On November 12th, The Court will hear a case to decide the fate of approximately 800,000 Dreamers, undocumented immigrants brought to the United States as children. The Dreamers are championed in a brief signed by Apple’s CEO, Tim Cook, as well as by more than 100 of the nation’s largest businesses, and 109 cities and local governments.
Supporting President Trump’s anti-immigration argument are a dozen states and Mississippi Governor, Phil Bryant, as well as Conservative immigration groups.
The case is known as Department of Homeland Security v. Regents of the University of California, which is being consolidated with two other cases, Donald Trump v. National Association for the Advancement of Colored People, and Kevin McAleenan v. Martin Jonathan Batalla Vidal.
The Dreamers Act, officially called DACA–Deferred Action for Childhood Arrivals–created by President Obama in 2012– has withstood several court challenges.
Last November, a three-judge panel of the 9th Circuit Court of Appeals upheld a lower court decision that barred the Trump administration from terminating the program.
Olsen and Napolitano Defend the Dreamers
The Dreamers chose Theodore Olsen, who defended George W. Bush in Bush v. Gore, to represent them, The National Law Journal reports.
Olsen has since allied himself with prominent liberal attorney, David Boise, joining forces with him in defense of the pivotal 2015 gay marriage decision.
Boise represented Al Gore in Bush v. Gore.
Janet Napolitano, President Obama’s Homeland Security Director, will also argue for the Dreamers, as the University of California’s President, and as an Obama official who was instrumental in creating DACA.
Olson said “we’re going to have to win over some Conservative members of the Court, and so someone who has a background in executive power on the Conservative side of the political spectrum might help.”
“They have been Americans all their lives, for all intents and purposes. And we’re going to put them in peril, deprive them of the security the rest of us have?” Olsen asked.
President Trump’s, solicitor general, Noel Francisco, will argue that the executive branch has the right “to revoke a discretionary policy of non-enforcement that is sanctioning an ongoing violation of federal immigration law by nearly 700,000 aliens.”
President Obama enforced his 2012 executive order shielding Dreamers from deportation after Congress blocked his bill to offer immigrants a 13-year path to U.S. citizenship.

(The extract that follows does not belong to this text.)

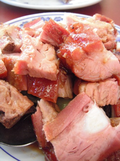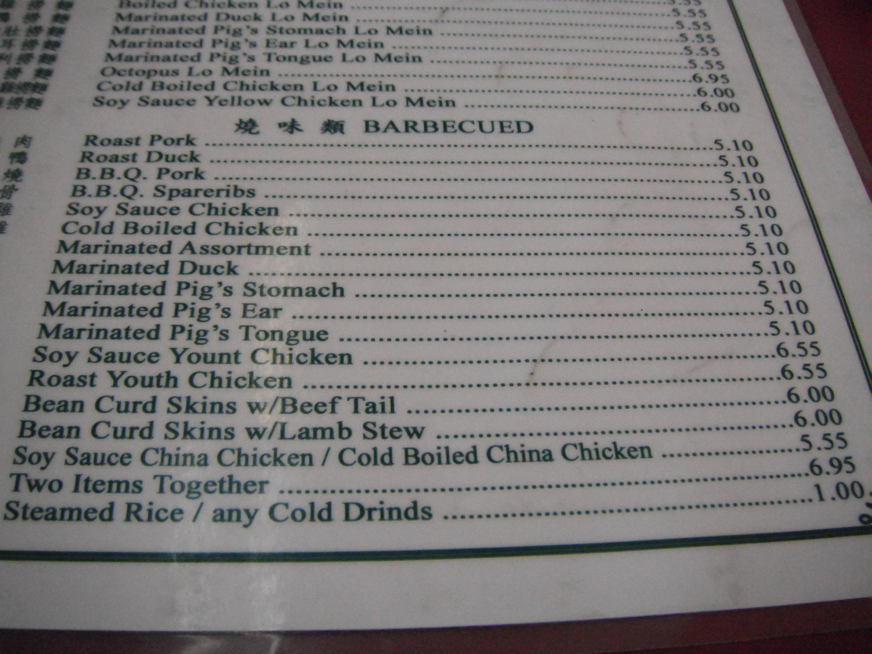 We were seated and promptly given menus that were thankfully in both English and Chinese. We made our choices based on what we saw upon entering – roast pork, roast duck, spare ribs and beef with fried noodles.

Trump tried to end DACA in 2017, calling it an “end-run around Congress” and saying that Obama’s use of executive authority to protect immigrants violated “the core tenets that sustain our Republic,” The New York Times’ Adam Liptak, reported.
Trump made ending DACA a 2016 campaign rallying cry, firing up Trump’s white evangelical base, Liptak writes.
In November, 2018, the Court of Appeals for the Ninth Circuit ruled not only did President Obama have the statutory authority to enact the Dreamers law, but that “the cruelty and wastefulness of deporting productive young people to countries with which they have no ties,” made ending DACA a travesty of justice.
In May, 2019, second Federal appeals court, the Fourth Circuit in Richmond, Va., issued a similar ruling.
The administration’s argument that DACA exceeded executive authority is based on a ruling from Court of Appeals for the Fifth Circuit in New Orleans, an arch-conservative jurisdiction.
The Fifth Circuit simultaneously struck down a related Obama initiative, Deferred Action for Parents of Americans and Lawful Permanent Residents, or DAPA, also arguing President Obama exceeded his authority.
Nearly 90% of Americans, including a majority of Republicans, believe that DACA recipients should be allowed to remain in the U.S., a CBS News poll found last year.
The Dreamers decision, to be handed down by June 30, 2020, is certain to electrify voters during the Presidential race.